** Action item **
Output all of the data exactly as it appears, but leave out any pictures it contains.

** Given material **
═══

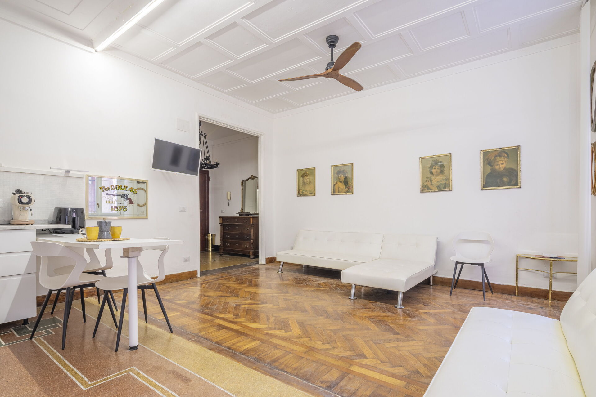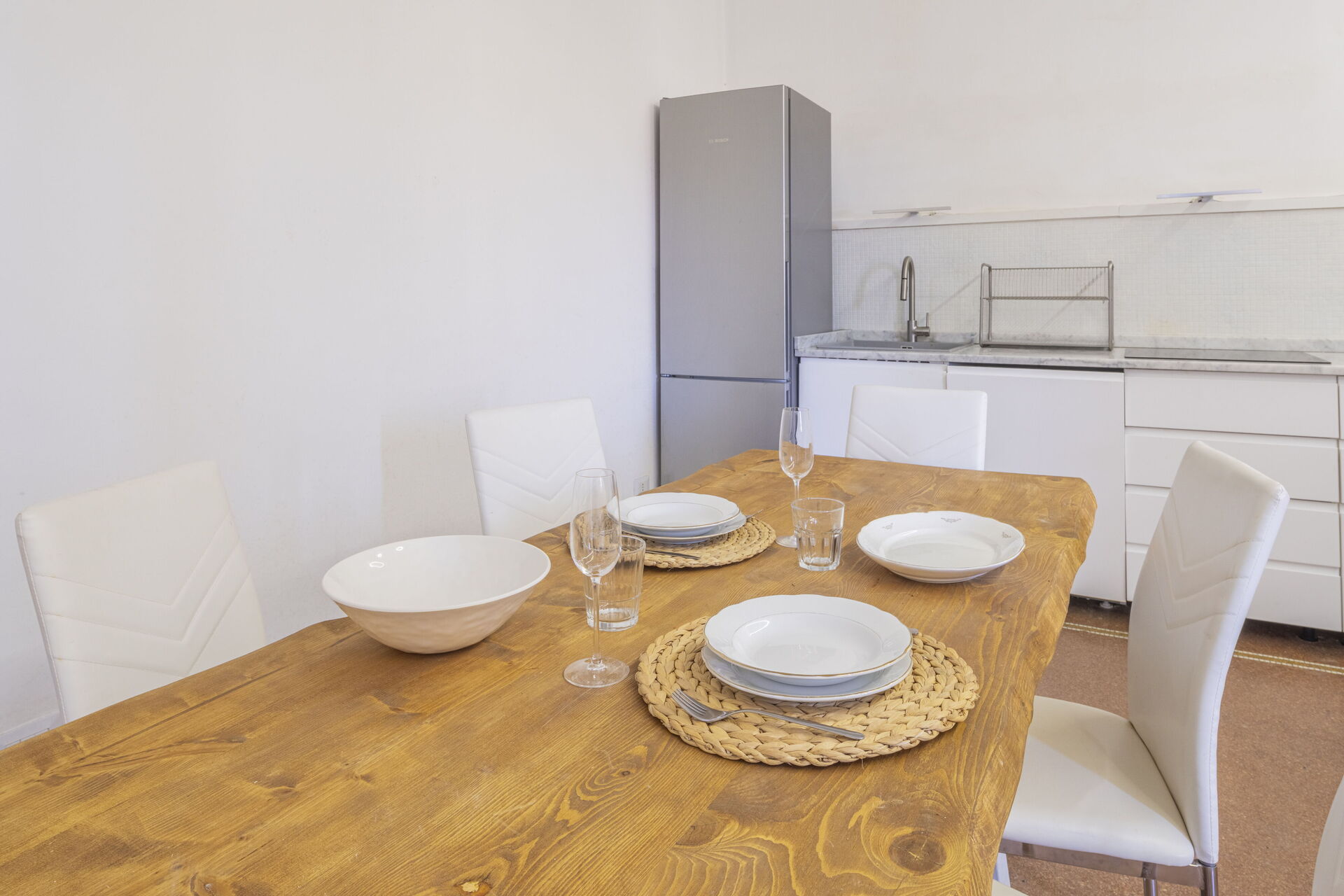 Cocina-salón: cocina bien equipada, mesa de comedor, lavavajillas, frigorífico, congelador, cocina de gas, tostadora, máquina de café italiana, dos sofas, WIFI internet, televisión, ventilador de techo, acceso a la terraza.
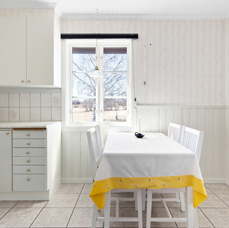 Das Haus bietet eine Küche mit Eßplatz am Fenster und einem Holzofen mit Dunstesse…
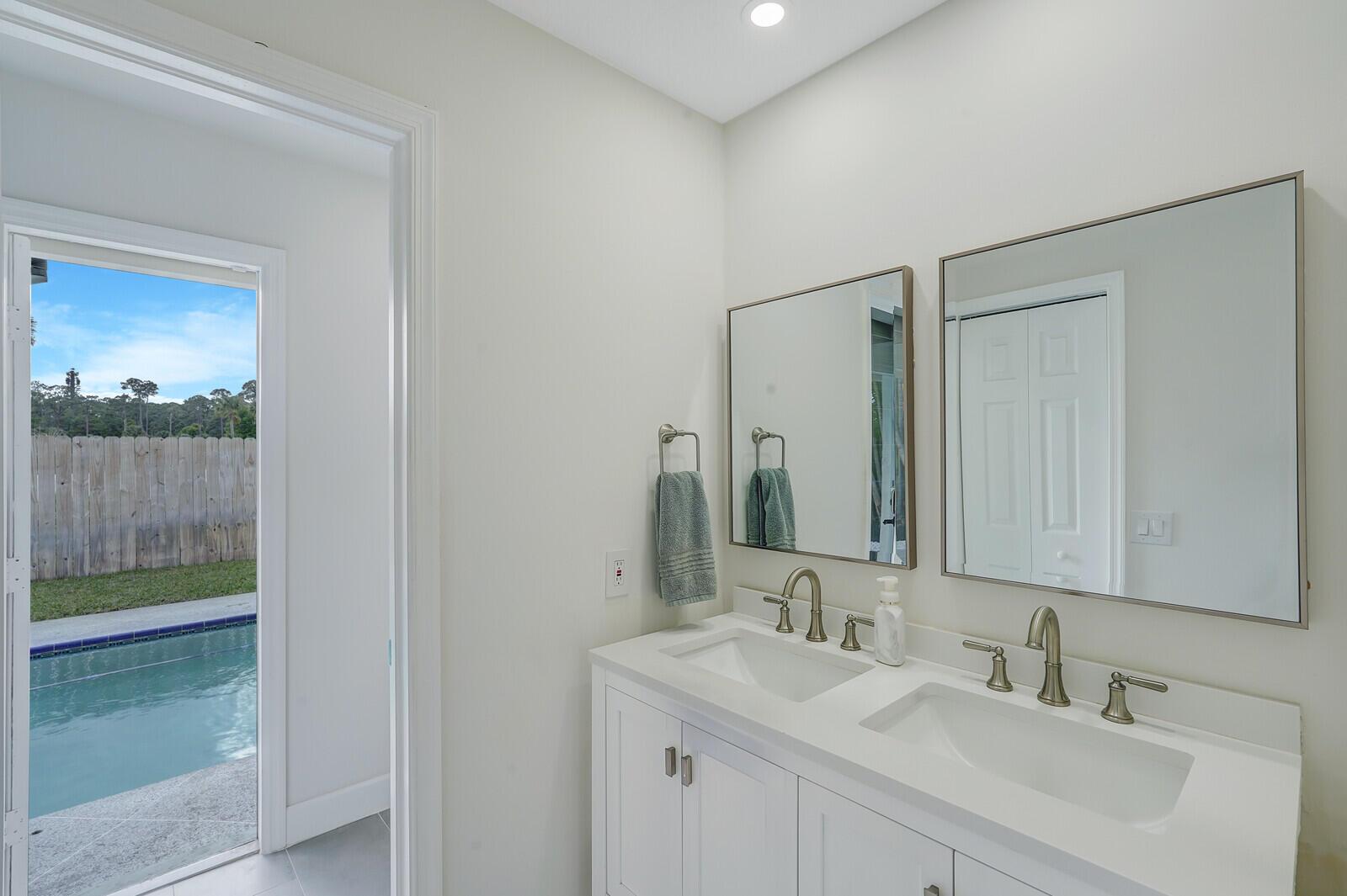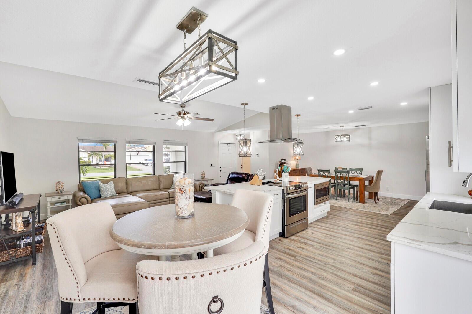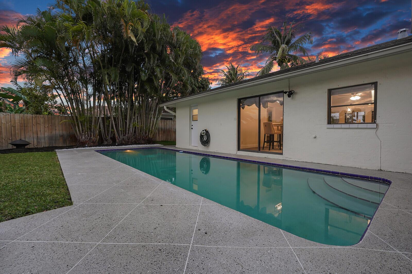 This property is ideally situated for beaches and work commutes. A quiet community of 113 homes, featuring CBS constructed homes perfect for families with plenty of space inside and out. Every corner of this home updated with high-end modern finishes to an open floor plan with Massive Gourmet kitchen, quartz counter top, Frigidaire stainless steel appliances. Light and bright with upgraded lighting, luxury vinyl plank flooring throughout. This home has 3 bedrooms designed as a split floor plan offering privacy to the primary. Primary has a cabana bath door out to the pool, walk in shower with dual vanities and walk in closet. 2 car garage with ample storage space, large driveway for lots of parking. Fresh landscaped fenced back yard and pool deck with screened patio opening up to a
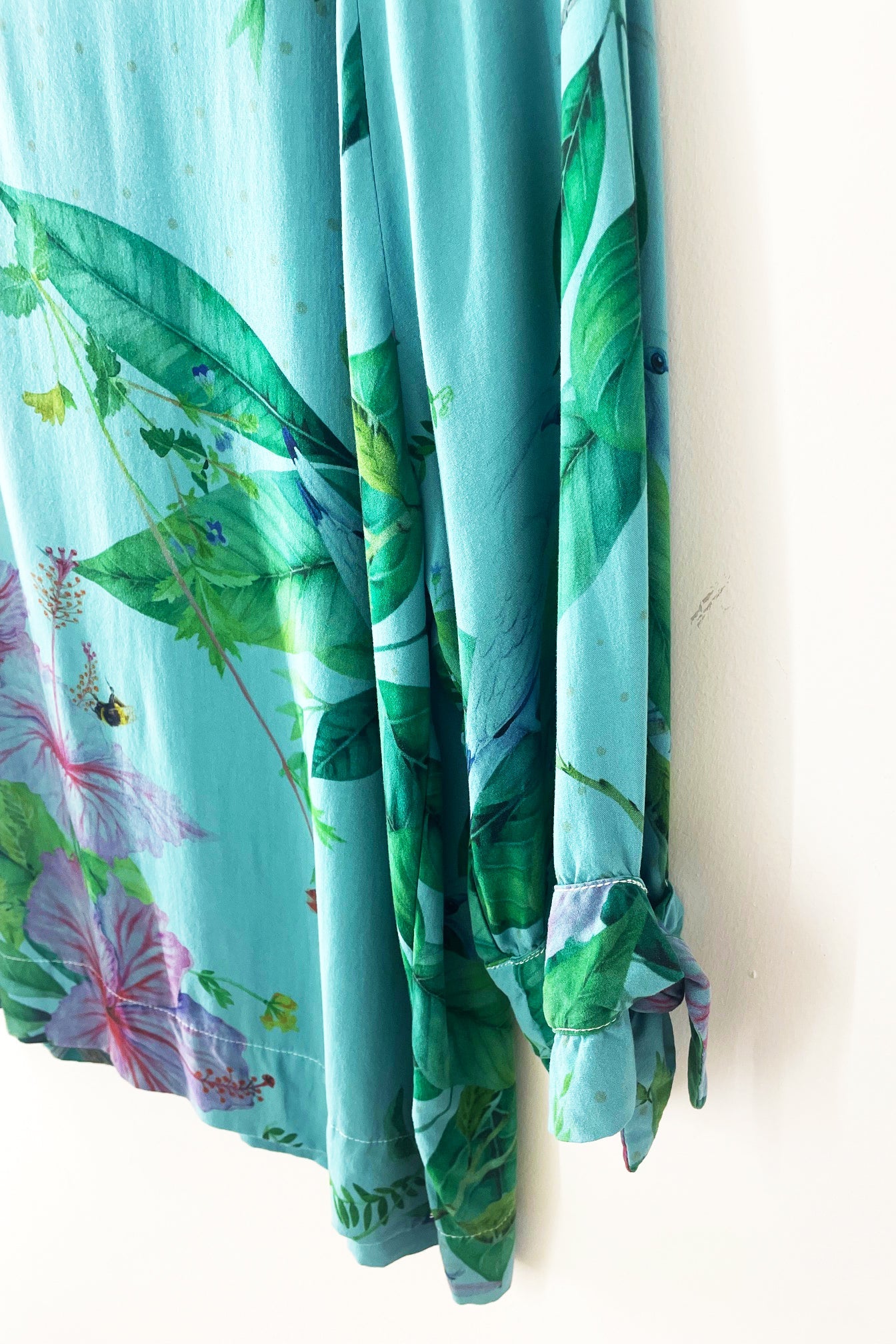 Simples e versátil, a Blusa Nó tem manga 3/4 com um nozinho que pode ficar mais apertado e subir para cima do cotovelo para dias mais quentes. Modelagem ampla e confortável. Aqui em nossa delicada estampa tingida na cor azul céu.

═══

** Answer to the problem **
 Cocina-salón: cocina bien equipada, mesa de comedor, lavavajillas, frigorífico, congelador, cocina de gas, tostadora, máquina de café italiana, dos sofas, WIFI internet, televisión, ventilador de techo, acceso a la terraza.
 Das Haus bietet eine Küche mit Eßplatz am Fenster und einem Holzofen mit Dunstesse…
 This property is ideally situated for beaches and work commutes. A quiet community of 113 homes, featuring CBS constructed homes perfect for families with plenty of space inside and out. Every corner of this home updated with high-end modern finishes to an open floor plan with Massive Gourmet kitchen, quartz counter top, Frigidaire stainless steel appliances. Light and bright with upgraded lighting, luxury vinyl plank flooring throughout. This home has 3 bedrooms designed as a split floor plan offering privacy to the primary. Primary has a cabana bath door out to the pool, walk in shower with dual vanities and walk in closet. 2 car garage with ample storage space, large driveway for lots of parking. Fresh landscaped fenced back yard and pool deck with screened patio opening up to a
 Simples e versátil, a Blusa Nó tem manga 3/4 com um nozinho que pode ficar mais apertado e subir para cima do cotovelo para dias mais quentes. Modelagem ampla e confortável. Aqui em nossa delicada estampa tingida na cor azul céu.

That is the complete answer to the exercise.